* [INPUT DATA]
Start of Block

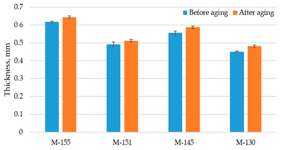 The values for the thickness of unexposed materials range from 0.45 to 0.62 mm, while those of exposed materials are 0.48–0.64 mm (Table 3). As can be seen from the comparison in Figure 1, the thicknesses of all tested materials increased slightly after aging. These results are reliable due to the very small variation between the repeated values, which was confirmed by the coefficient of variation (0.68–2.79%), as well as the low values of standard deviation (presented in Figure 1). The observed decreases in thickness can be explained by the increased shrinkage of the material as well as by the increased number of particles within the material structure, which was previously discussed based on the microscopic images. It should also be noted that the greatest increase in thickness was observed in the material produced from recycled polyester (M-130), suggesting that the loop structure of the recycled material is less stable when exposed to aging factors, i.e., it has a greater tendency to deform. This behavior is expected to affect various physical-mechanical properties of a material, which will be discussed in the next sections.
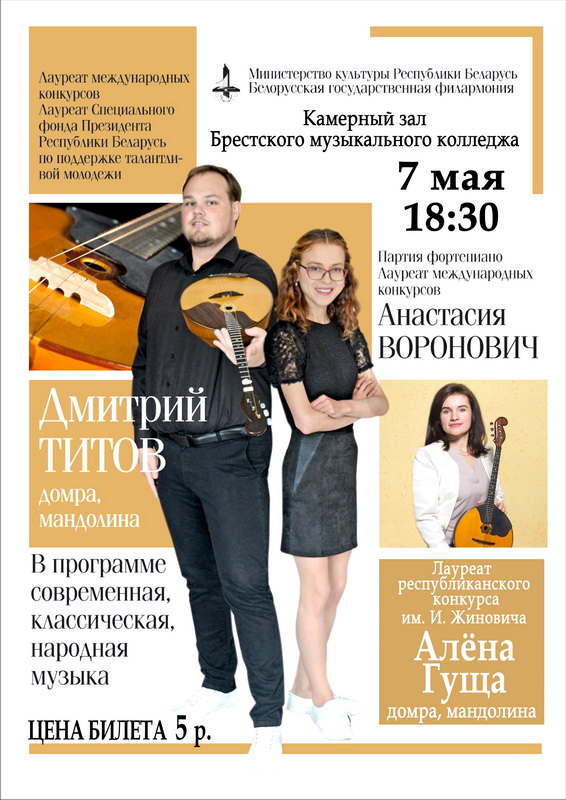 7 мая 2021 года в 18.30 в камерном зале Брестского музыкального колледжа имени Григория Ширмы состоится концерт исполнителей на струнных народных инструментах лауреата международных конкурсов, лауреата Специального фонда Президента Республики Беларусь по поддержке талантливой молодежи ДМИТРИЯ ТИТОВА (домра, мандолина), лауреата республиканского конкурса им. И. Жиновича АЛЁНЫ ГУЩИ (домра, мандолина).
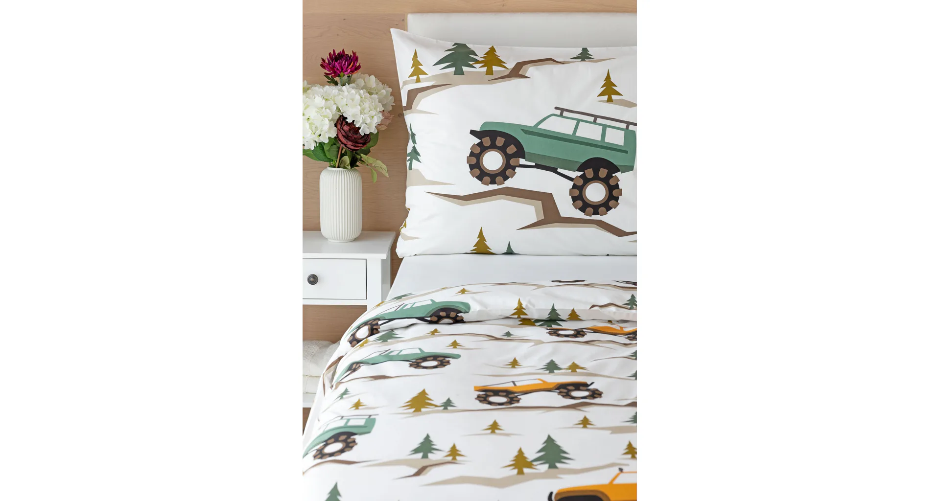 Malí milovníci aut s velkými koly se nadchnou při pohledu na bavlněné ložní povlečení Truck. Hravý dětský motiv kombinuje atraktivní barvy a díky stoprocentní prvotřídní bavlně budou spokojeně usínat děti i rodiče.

End of Block
Start of Block

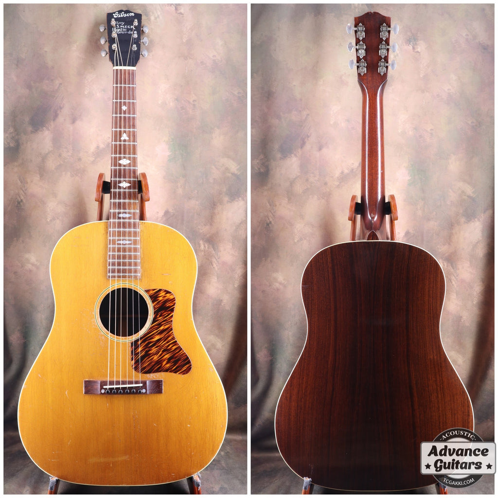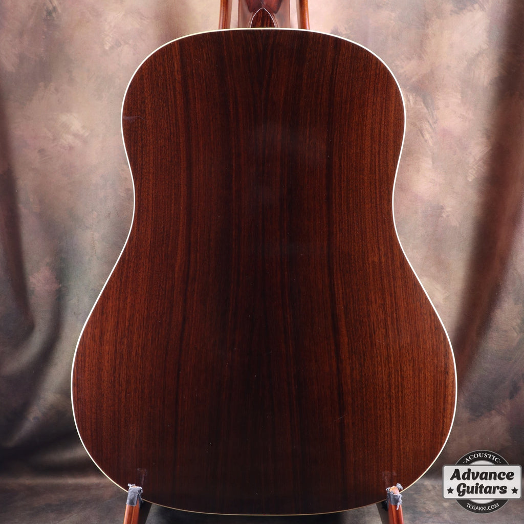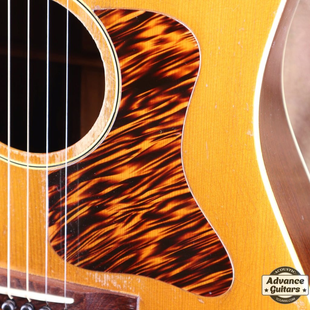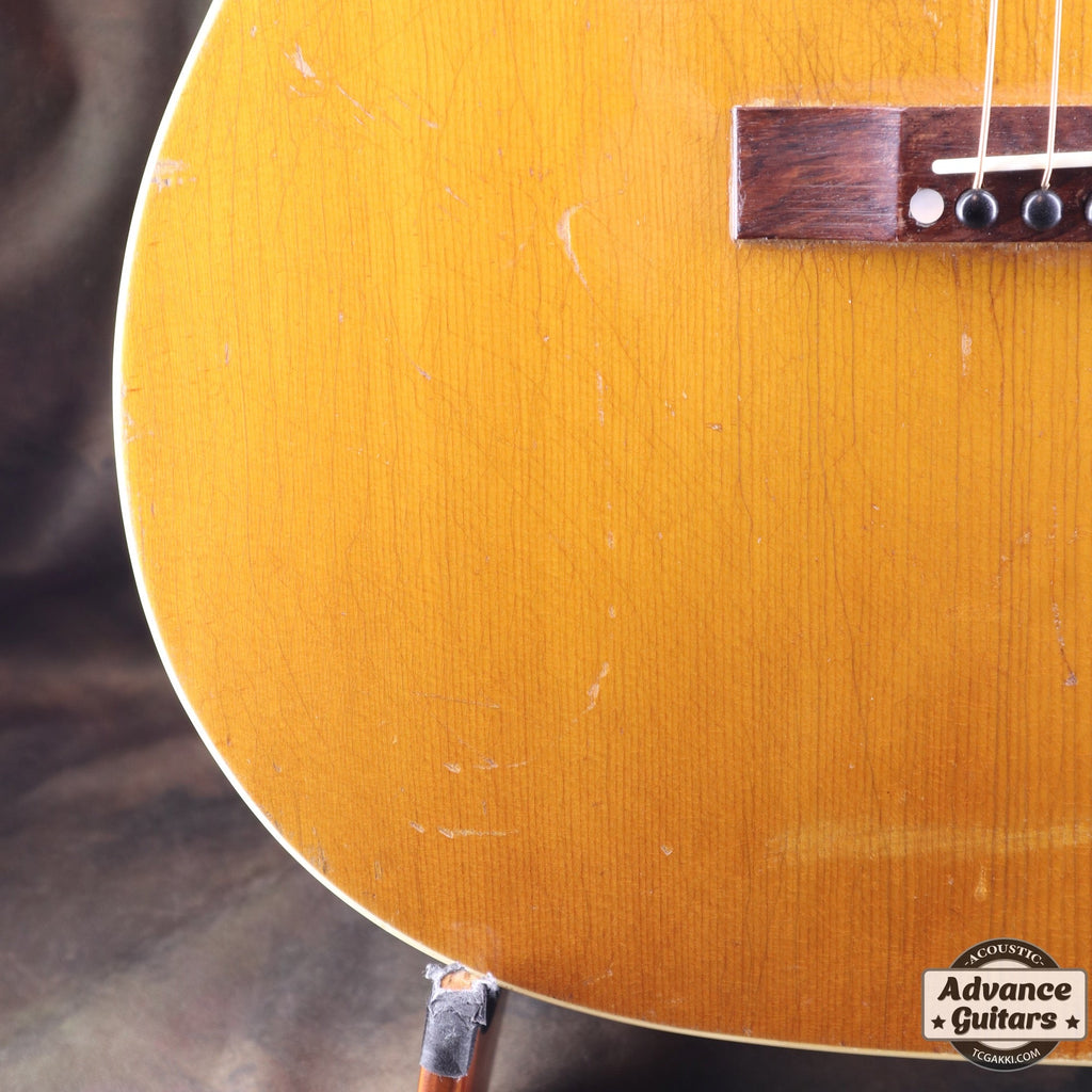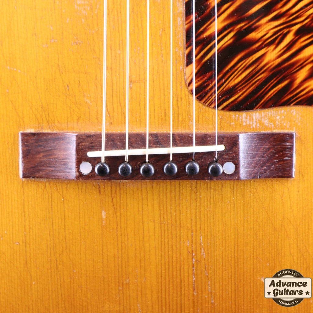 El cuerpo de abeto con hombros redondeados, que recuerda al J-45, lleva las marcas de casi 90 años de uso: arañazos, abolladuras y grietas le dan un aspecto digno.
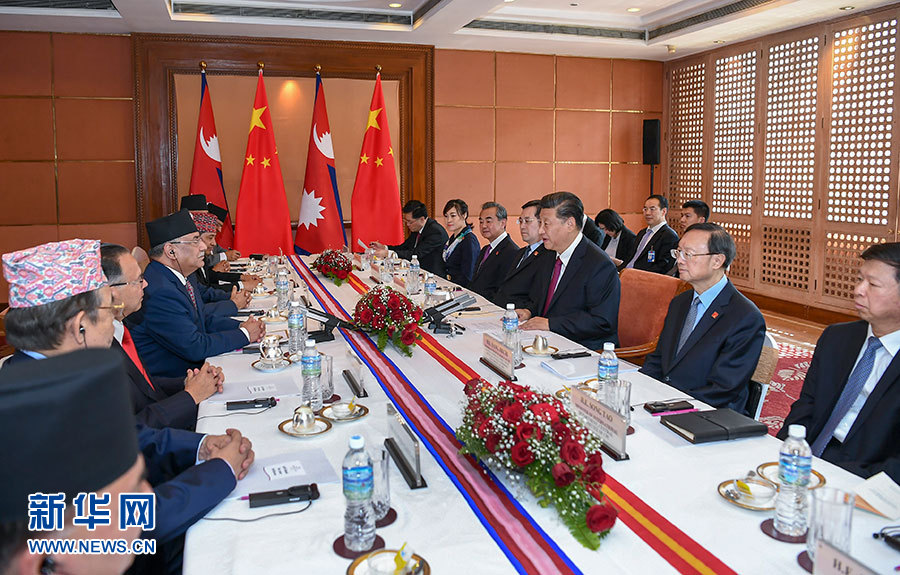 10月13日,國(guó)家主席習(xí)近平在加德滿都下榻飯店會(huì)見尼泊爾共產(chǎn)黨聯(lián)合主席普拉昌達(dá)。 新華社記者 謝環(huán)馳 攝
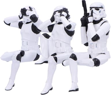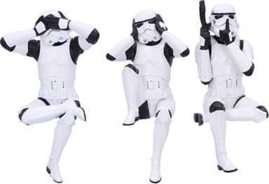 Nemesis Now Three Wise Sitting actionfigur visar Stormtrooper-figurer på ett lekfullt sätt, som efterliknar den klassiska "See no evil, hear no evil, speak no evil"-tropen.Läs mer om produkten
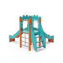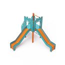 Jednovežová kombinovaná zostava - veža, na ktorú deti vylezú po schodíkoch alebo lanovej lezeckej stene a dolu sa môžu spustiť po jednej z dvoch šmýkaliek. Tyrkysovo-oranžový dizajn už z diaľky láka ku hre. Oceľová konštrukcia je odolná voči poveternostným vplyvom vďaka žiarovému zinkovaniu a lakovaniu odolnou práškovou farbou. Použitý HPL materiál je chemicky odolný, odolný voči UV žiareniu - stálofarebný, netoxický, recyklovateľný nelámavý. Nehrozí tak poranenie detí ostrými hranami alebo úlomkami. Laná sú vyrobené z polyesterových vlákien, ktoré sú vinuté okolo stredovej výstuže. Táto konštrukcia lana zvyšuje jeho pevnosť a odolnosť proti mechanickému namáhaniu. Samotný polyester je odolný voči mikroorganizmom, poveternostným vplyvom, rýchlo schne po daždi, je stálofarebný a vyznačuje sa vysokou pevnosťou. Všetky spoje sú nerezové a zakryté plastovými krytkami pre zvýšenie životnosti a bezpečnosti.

End of Block

* [WHAT IS NEEDED]
For this exercise, please set down exactly the lines of the listing above from the line with "El cuerpo de" up to and including the line with "Nemesis Now Three", and no pictures.

* [OUTPUT OF THE EXERCISE]
 El cuerpo de abeto con hombros redondeados, que recuerda al J-45, lleva las marcas de casi 90 años de uso: arañazos, abolladuras y grietas le dan un aspecto digno.
 10月13日,國(guó)家主席習(xí)近平在加德滿都下榻飯店會(huì)見尼泊爾共產(chǎn)黨聯(lián)合主席普拉昌達(dá)。 新華社記者 謝環(huán)馳 攝
 Nemesis Now Three Wise Sitting actionfigur visar Stormtrooper-figurer på ett lekfullt sätt, som efterliknar den klassiska "See no evil, hear no evil, speak no evil"-tropen.Läs mer om produkten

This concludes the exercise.